The real antipode to fascism, certainly incompatible with it, are ideologies proclaiming the natural (or spiritual) equality of people and the unity of humanity. These are the world religions ? Buddhism, Christianity. But first of all it refers to the communist ideology. It is no coincidence that after the Second World War, adherents of fascism never sought (there were no exceptions!) escape to the USSR. It was not Soviet "totalitarianism" that prevented this, but the absolute foreignness of the fascist and communist ideologies to each other. As you know, they found refuge both in the dictatorial regimes of Latin America and in the liberal USA and Canada.

What are the origins of the idea of a priori inequality and, in general, of this ideology?
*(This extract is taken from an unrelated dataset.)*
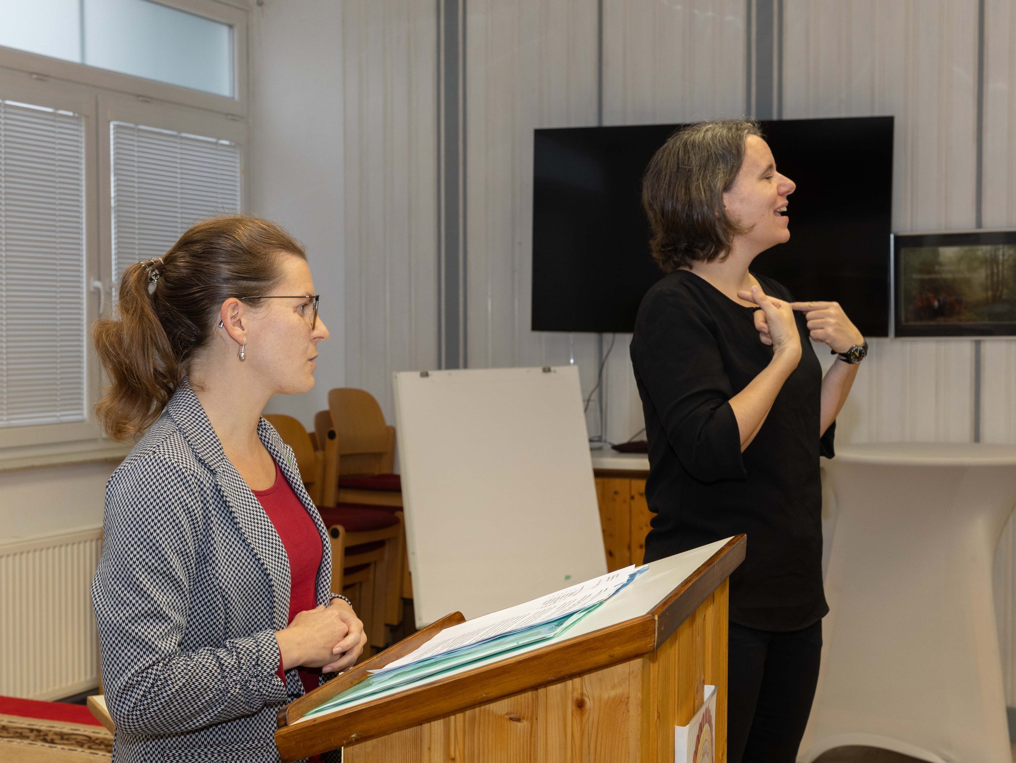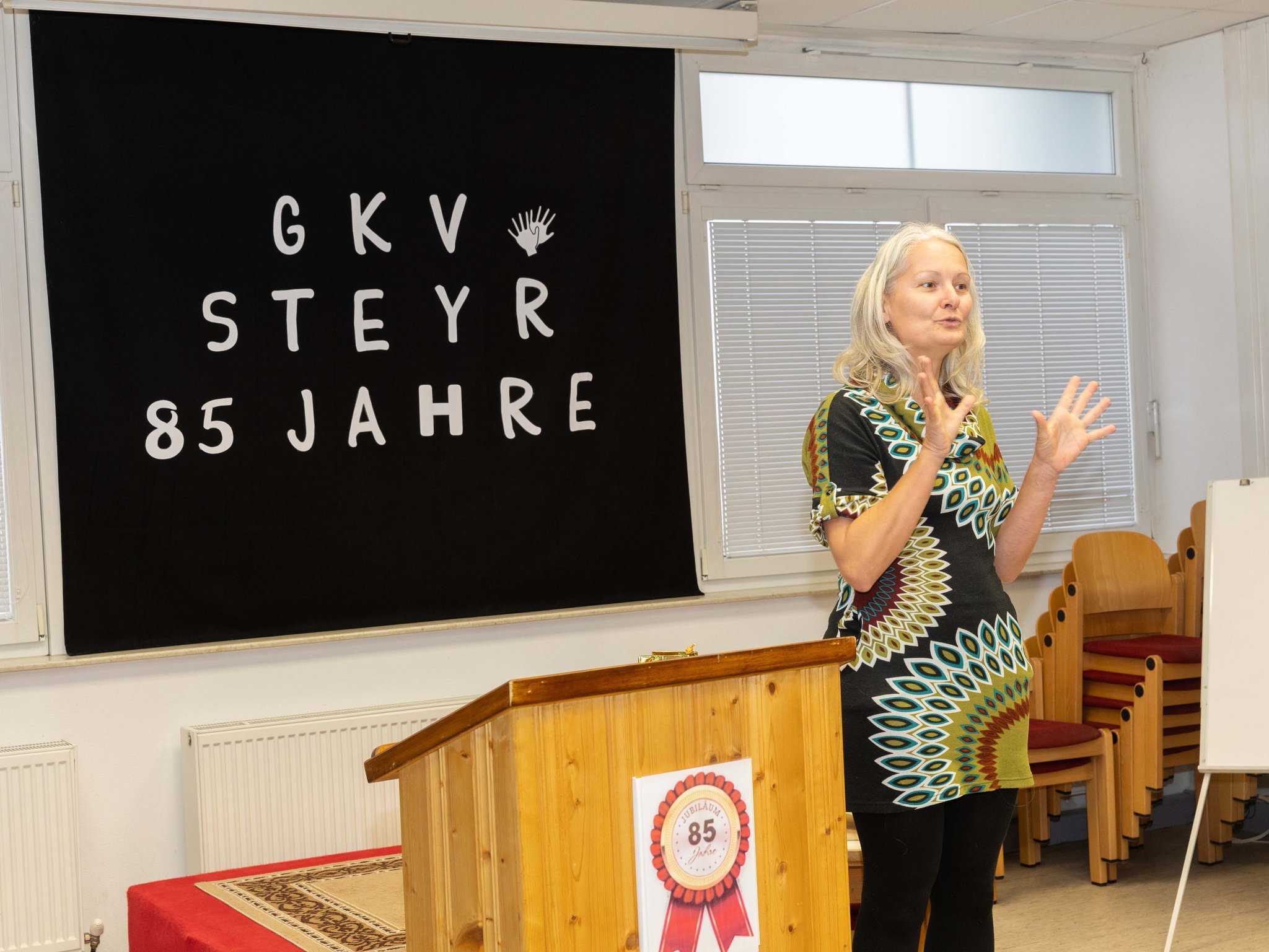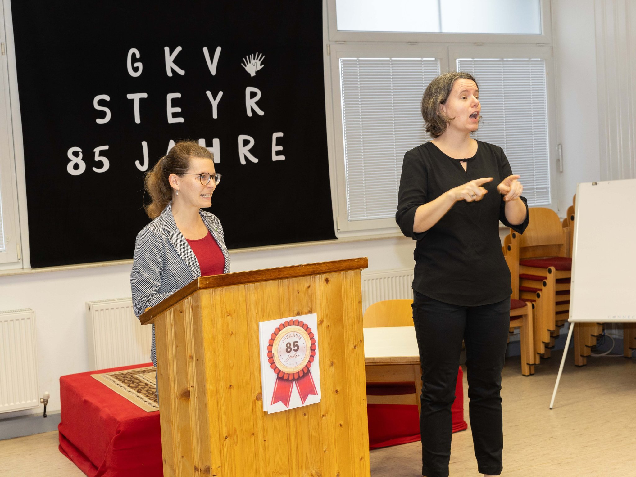 Dolmetscherin Mocnik Barbara übersetzte für die Vize-Bgmst. die Gebärdensprache.
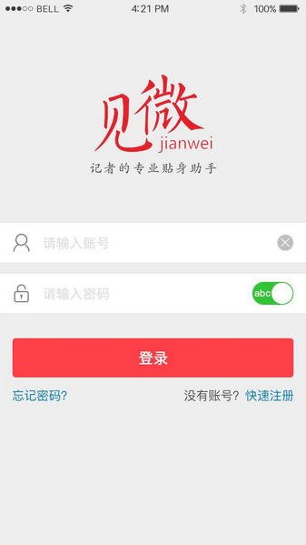 见微app是媒体记者的一款发稿助手。支持一线记者利用各类手机在线传输视频、图片、文字至终端平台,终端审稿人在线实时可完成审核、修改,发布后,再将稿件发至不同前端,实现一次采集多次分发的高效传输,提高效率。【软件特色】

In the creation of fascism, the ideas of many theories were used, in particular: social Darwinism (man as an animal; peoples as species struggling for survival), the cult of the volitional principle (Schopenhauer), the cult of the superman and the will to power (Nietzsche), irrationalism, denial of the importance of reason within the philosophy of life (Simmel, Dilthey, Nietzsche, Bergson). However, the charisma of fascism (and it exists, this phenomenon has vitality) arises on the basis of a specific fascist mentality. In the first approximation, it can be described as an experience of one's exclusivity, elitism. But such an experience itself is apparently a consequence of the principle introduced into moral philosophy by I. Kant. We are talking about the principle of the "categorical imperative", which, according to Kant's plan, should be the true basis of the entire moral system of the individual (see our analysis of Kant's understanding of the foundations of morality [Yanovsky, Cherkashin 2020]).

The place of the principle of the "categorical imperative" in the structure of self-consciousness of the fascist personality. To understand what a "categorical imperative" is, you need to understand the general specifics of Kant's theory. According to some philosophers (P.A. Florensky [Florensky 1996] and V.F. Ern [Ern 1991]), Kant created a theory in which there is no place for the Transcendent Principle, i.e. God, in the structure of human consciousness. Human thinking and will in themselves, according to Kant, are alien to God. Therefore, God in Kant is brought into consciousness forcibly, artificially, as a useful representation. Kant creates a new principle – the principle, as it were, of moral autosuggestion, of consciously forcing oneself to believe in a useful illusion, the principle of faith in a "God" without God. This is the "categorical imperative" (the term was not chosen by chance, it has a pronounced connotation of coercion).

The categorical imperative is a kind of violence against one's mind, consciousness, maximalism of self–blind submission to a "duty" artificially and arbitrarily established by me for myself, or by another person for me. I.e., I create for myself what I consider moral, or another person creates and gives what I accept as morality. Including I create a "god". This is where the mindset that becomes characteristic of fascism arises: the experience of one's own specialness, elitism, exclusivity on the basis of volitional maximalism, understood as the basis of morality, as an analogue of religious faith[1]. But it cannot be otherwise if the subject claims to create "God" himself (and thereby be his owner[2]).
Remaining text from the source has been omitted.